Monsignor Raphael Cheenath, arcivescovo di Cuttack-Bhubaneshwar è diventato il volto e la voce più autorevole della Chiesa dell’Orissa, stato orientale dell’India al centro dal Natale dello scorso anno di un’ondata di violenza che ha colpito la comunità cristiana in cui si riconoscono soprattutto tribali e fuoricasta. Un’aggressione divenuta quasi quotidiana dopo l’uccisione di un leader indù il 23 agosto e che, anche nei giorni scorsi, ha visto l’uccisione a colpi d’ascia di una donna cristiana e la sparizione di un’altra ragazza.
Monsignor Cheenath, qual è la situazione di questi giorni in Orissa, da cui vengono notizie di nuove violenze?Una situazione ancora molto tesa. Certo, non si assiste più a una violenza indiscriminata come quella che ci ha colpito tra agosto e ottobre, tuttavia i cristiani continuano ad essere sotto assedio e, in buona parte, ancora più impossibilitati a rientrare nelle loro case. Tanti hanno cercato rifugio nelle foreste, inizialmente e poi nei centri di raccolta. Molti sono fuggiti in altri Stati dell’India, presso parenti o conoscenti. Tutti temono nuove violenze se dovessero tornare ai loro villaggi.
Di chi la responsabilità della situazione?Lutti e incertezza sono frutto dalla violenza scatenata da gruppi indù legati a concreti poteri economici e politici che vedono nell’impegno dei cristiani per la giustizia e l’uguaglianza un pericolo alla loro supremazia. L’incertezza attuale, tuttavia, non è solo legato all’attività dei gruppi indù, ma anche a criminali comuni che approfittano della situazione.

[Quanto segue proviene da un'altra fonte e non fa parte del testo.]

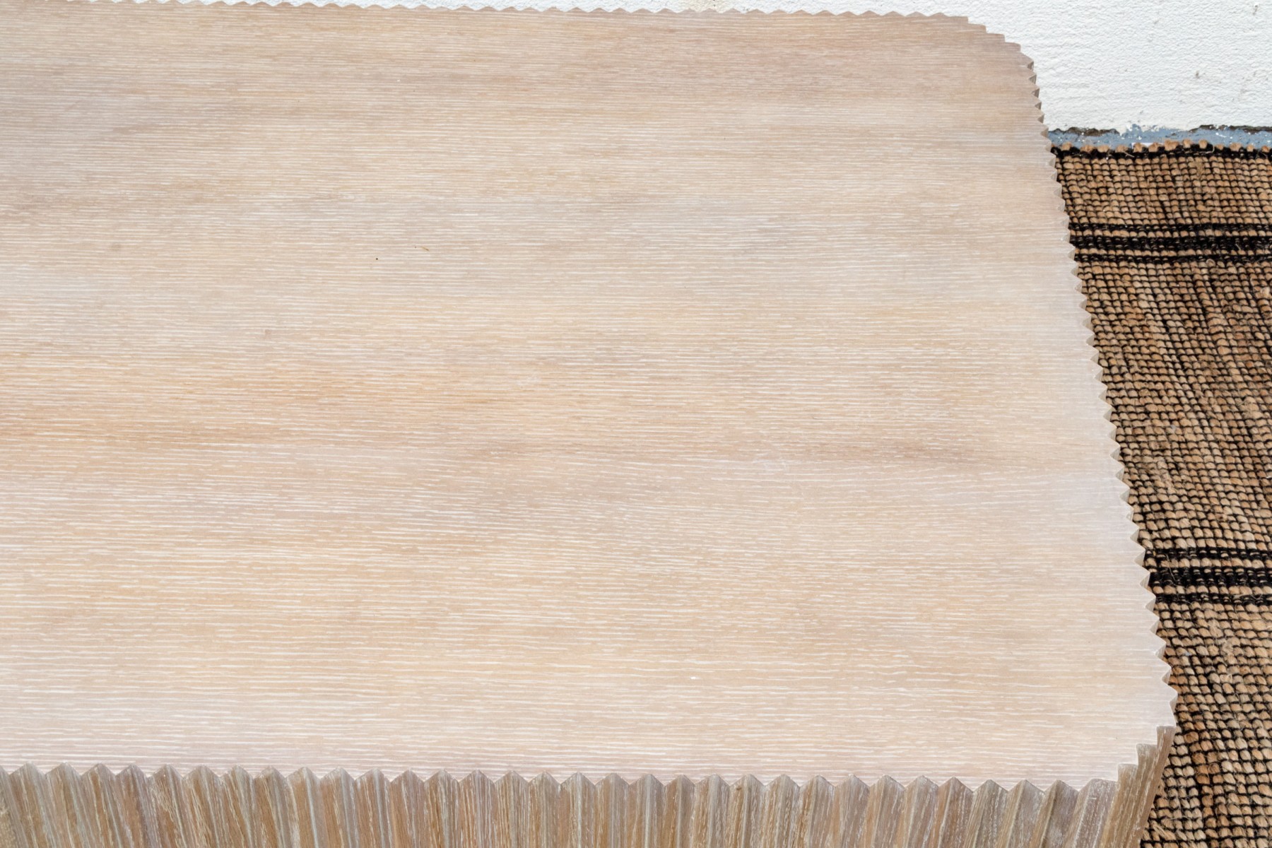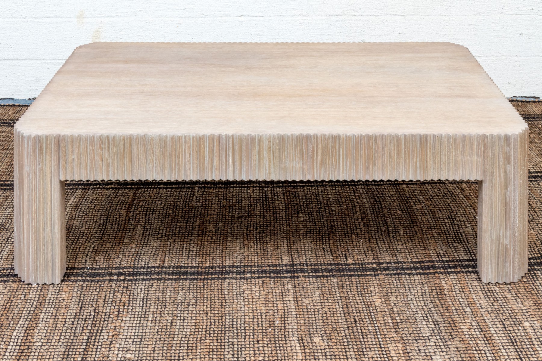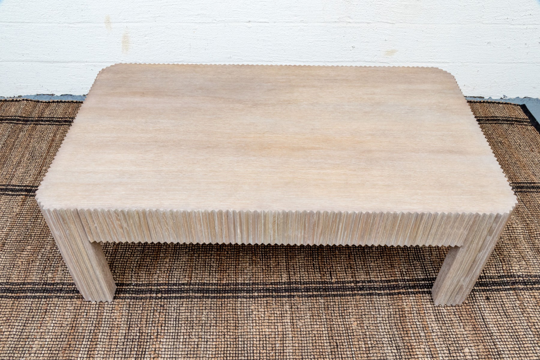 An attractive solid wood coffee table with a rounded rectangular form in ashen light brown with a wonderful naturalistic aesthetic. Detailed with a fluted exterior around the apron and bracket legs.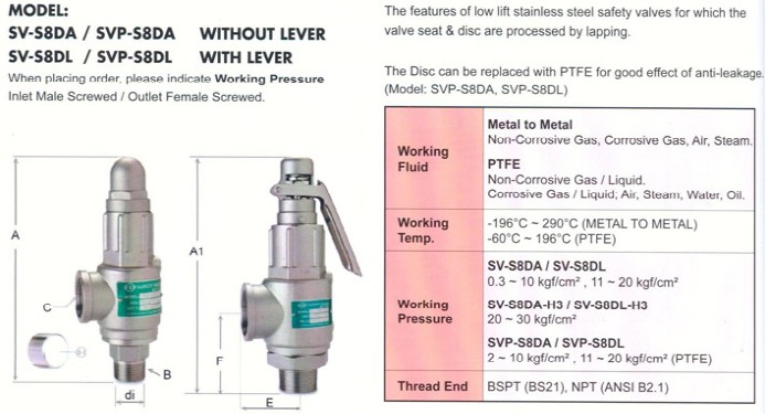 产品名称: SV-S8DA不锈钢安全阀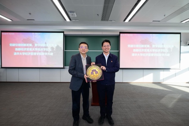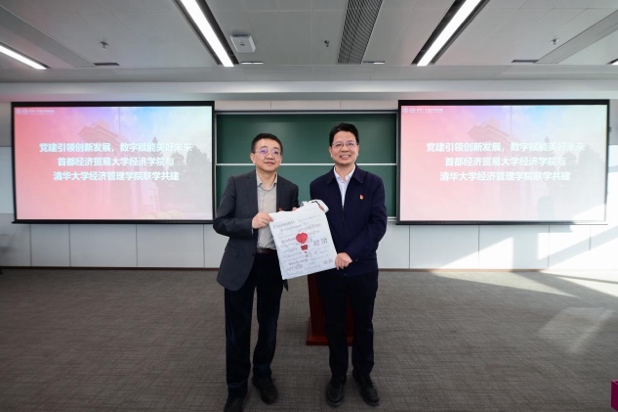 2024年12月11日,世俱杯官方网站与首都经济贸易大学经济学院举办以“党建引领创新发展,数字赋能美好未来”为主题的联学共建活动,旨在发挥党建引领作用,探讨数字化转型如何塑造经济转型新动能,以及如何在全球化背景下培养新时代青年。世俱杯官方网站党委常委、副校长彭刚,首都经济贸易大学党委副书记欧阳沁,党委常委、副校长李鲲鹏,清华经管学院院长、世俱杯官方网站文科资深教授白重恩,清华经管学院党委书记薛健,首都经济贸易大学经济学院党委书记赵家章,党委副书记、院长杜雯翠,北京数字经济发展研究院教授李平出席活动。

In che modo il governo locale ma anche quello federale cercano di risolvere la situazione?Né l’uno né l’altro prendo i provvedimenti necessari. L’esercito e altre forze di sicurezza sono presenti in forze ma senza impegnarsi concretamente. I fanatici son ancora liberi di muoversi e di organizzare ulteriori azioni intimidatorie e criminose.
Qual è ora la situazione dei profughi e dei cristiani in fuga dai villaggi?Per quanto posso sapere 11mila fuggiaschi sono ancora ospitati nei campi governativi nel Kandhamal e diverse migliaia nelle città di Bhubaneshwar, capitale dello stato, e Cuttack. Tutti temono di tornare ai loro villaggi, in parte distrutti e le cui terre in parte sono state espropriate a favore di possidenti locali. In ogni caso l’azione degli indù radicali tiene lontana la popolazione tribale, cristianizzata, dalle loro terre. Non si tratta solo di timori. Le violenza continuano, seppure in modo più nascosto, e spesso non emergono. La scorsa settimana, ad esempio, una donna cristiana tornata al villaggio non è più rientrata nel campo dove viveva da tempo; in un altro villaggio sono state incendiate tre case di cristiani…
Lo scorso Natale ha visto scatenarsi il terrore nel Kandhamal. Cosa prevede per il prossimo?Per Natale i nostri persecutori hanno già annunciato una serrata (bandh) generale che nelle loro intenzioni dovrebbe bloccare ogni attività nel Kandhamal e quindi anche impedire le cerimonie cristiane. Stiamo cercando di avviare un dialogo con gli indù che non si riconoscono nelle frange più estremiste e anche meno coinvolti con le manovre di potere che sono alla base di questi eventi. Cercheremo anche di ottenere maggiori garanzie di sicurezza dalle forze dell’ordine. Non possiamo cedere, noi come pastori, e lasciare tanti correligionari nella disperazione o riconsegnarli a un induismo da cui sono usciti per sperare in eguaglianza e rispetto. Per tanti che attendono di poter tornare e per molti che sono rimasti a vivere nell’incertezza, il messaggio degli estremisti è chiaro: solo la riconversione all’induismo potrà salvarvi. Preghiamo e agiamo perché non sia così.